Первые ссоры на этой почве и не были ссорами вовсе.
– Витя, – спрашивала я, – чего ты гробишься? Владимир Петрович – замечательный директор. Красный директор, их время давно прошло. Ты – другое поколение.
– Меняются времена, но не меняются человеческие ценности, – уходил от разговора муж. Лукаво подмигивал мне: – А также супружеские утехи!
К этому я была готова всегда, только свистни. За то, чтобы видеть мужа до акта любви и после, я отдала бы свою кровь по капле.
– Объясни мне, не понимаю! – просила я мужа. – Ты же умный, ты же передовой, почему ты киснешь в этой богадельне?
– Там люди. Я тоже людь.
– Нет, ты не просто людь!
– Верно! Я очень большой людь, и от меня зависит жизнь многих людей.
– Они хорошо устроились. И авралы, которые у вас каждую неделю, – приятное щекотание нервов.

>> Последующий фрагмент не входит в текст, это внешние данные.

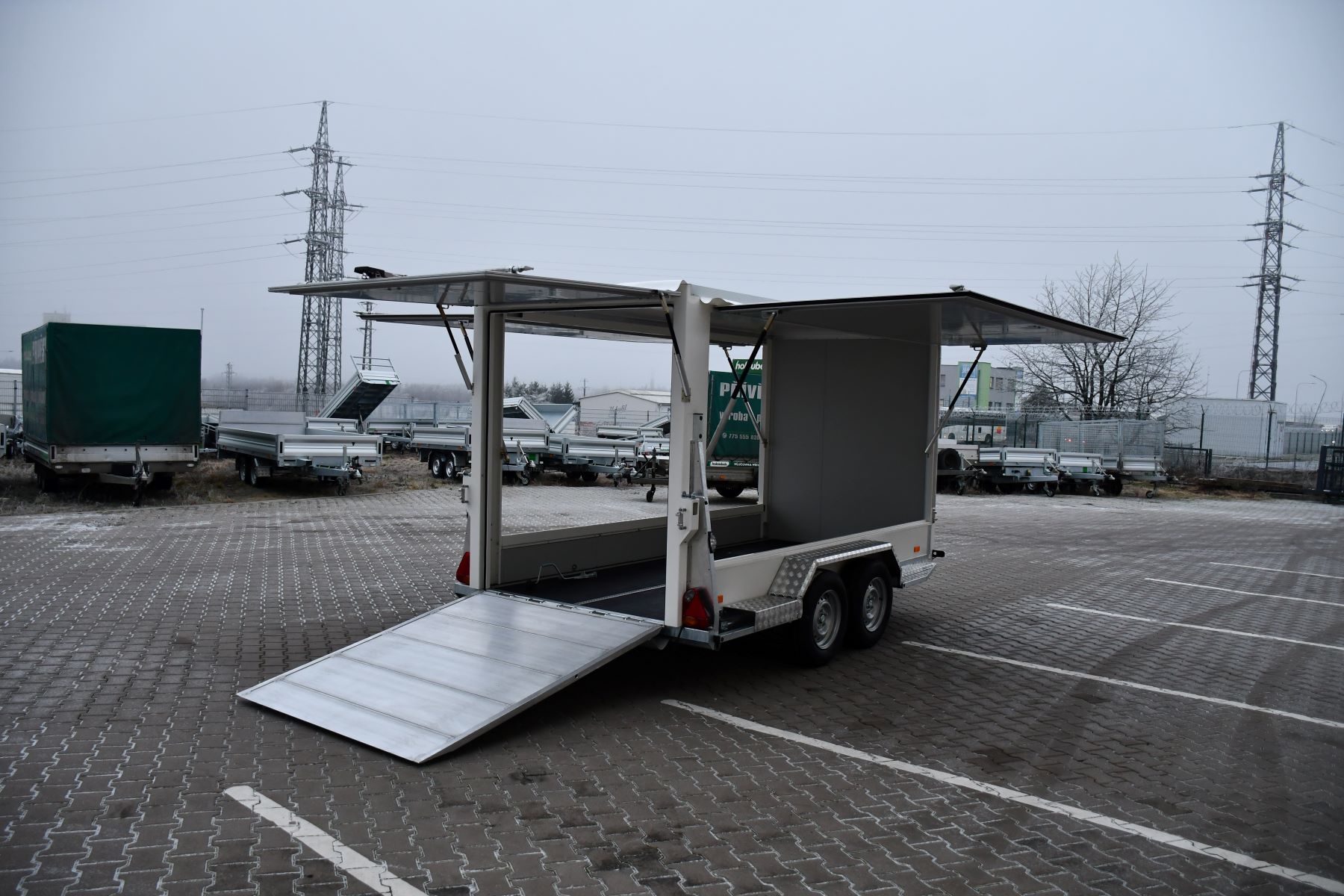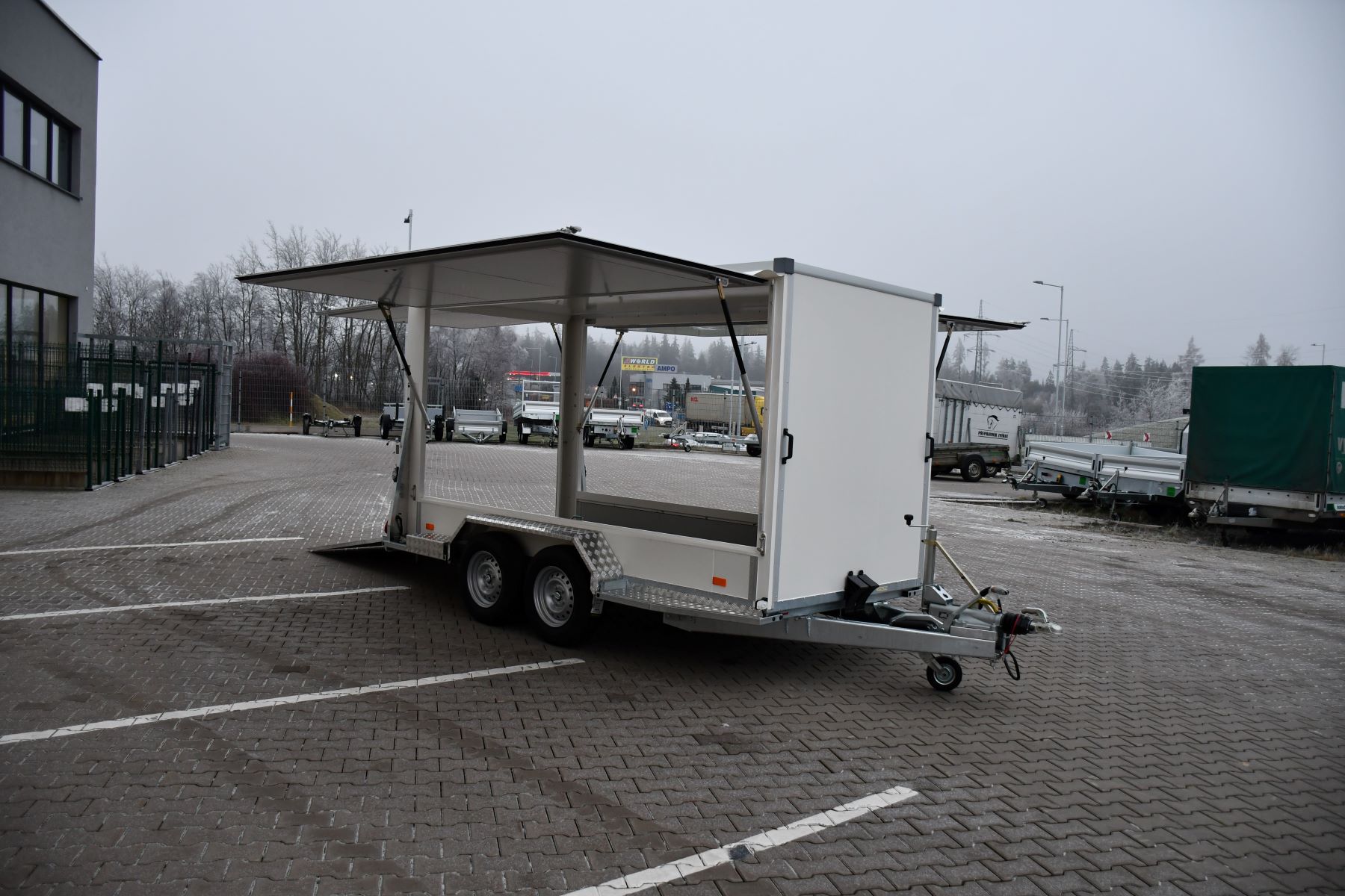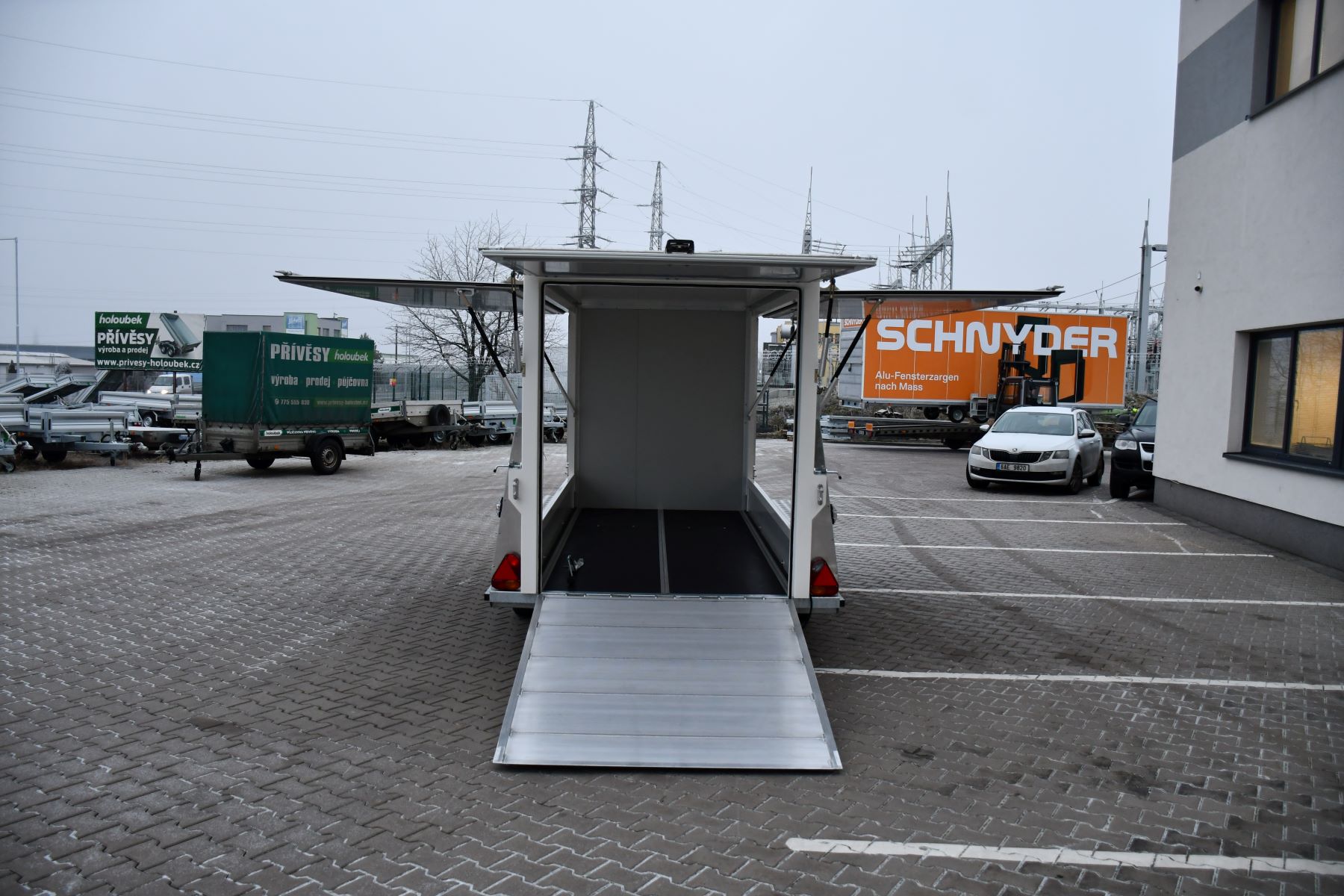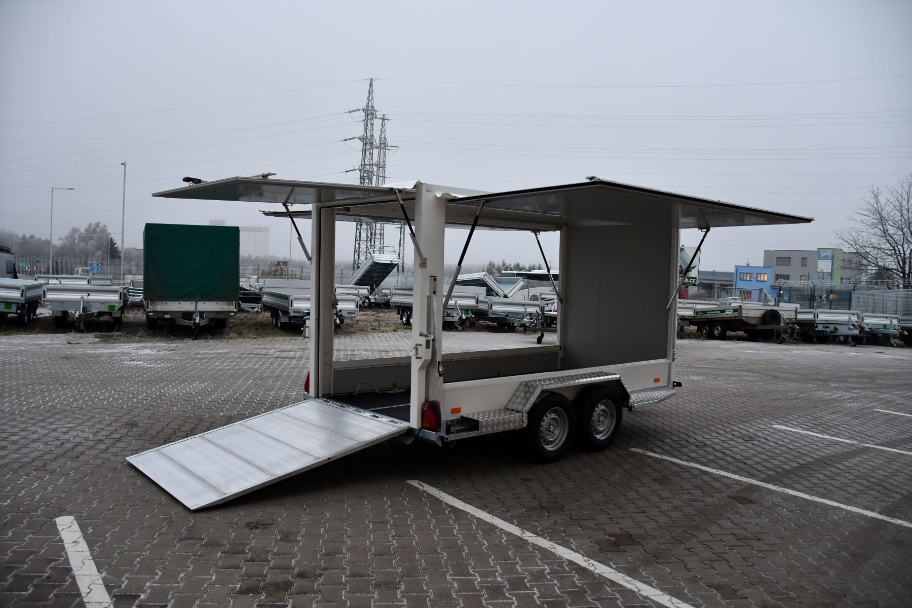 Skříňový přívěs 3500 kg s klapkami a rampou

Все такие патриоты, все на штурм, все плавятся от гордости. Но ведь это утехи лузеров! А ты не лузер! Ты умница, у тебя потенциал громадный!
– Сейчас я тебе продемонстрирую свой потенциал!
Постепенно мои атаки, мои попытки вытащить Виктора с занюханного завода металлоконструкций становились все чаще и напористее. Уловки с переводом разговора в плоскость любовных утех уже не проходили. Мне стал противен этот способ затыкания рта. Что я, безмозглая дырка от бублика?
Ссоры вспыхивали ежедневно. Я билась о стену Витиного сопротивления исступленно. Я билась за его благо, которое есть благо нашей семьи, наших будущих детей.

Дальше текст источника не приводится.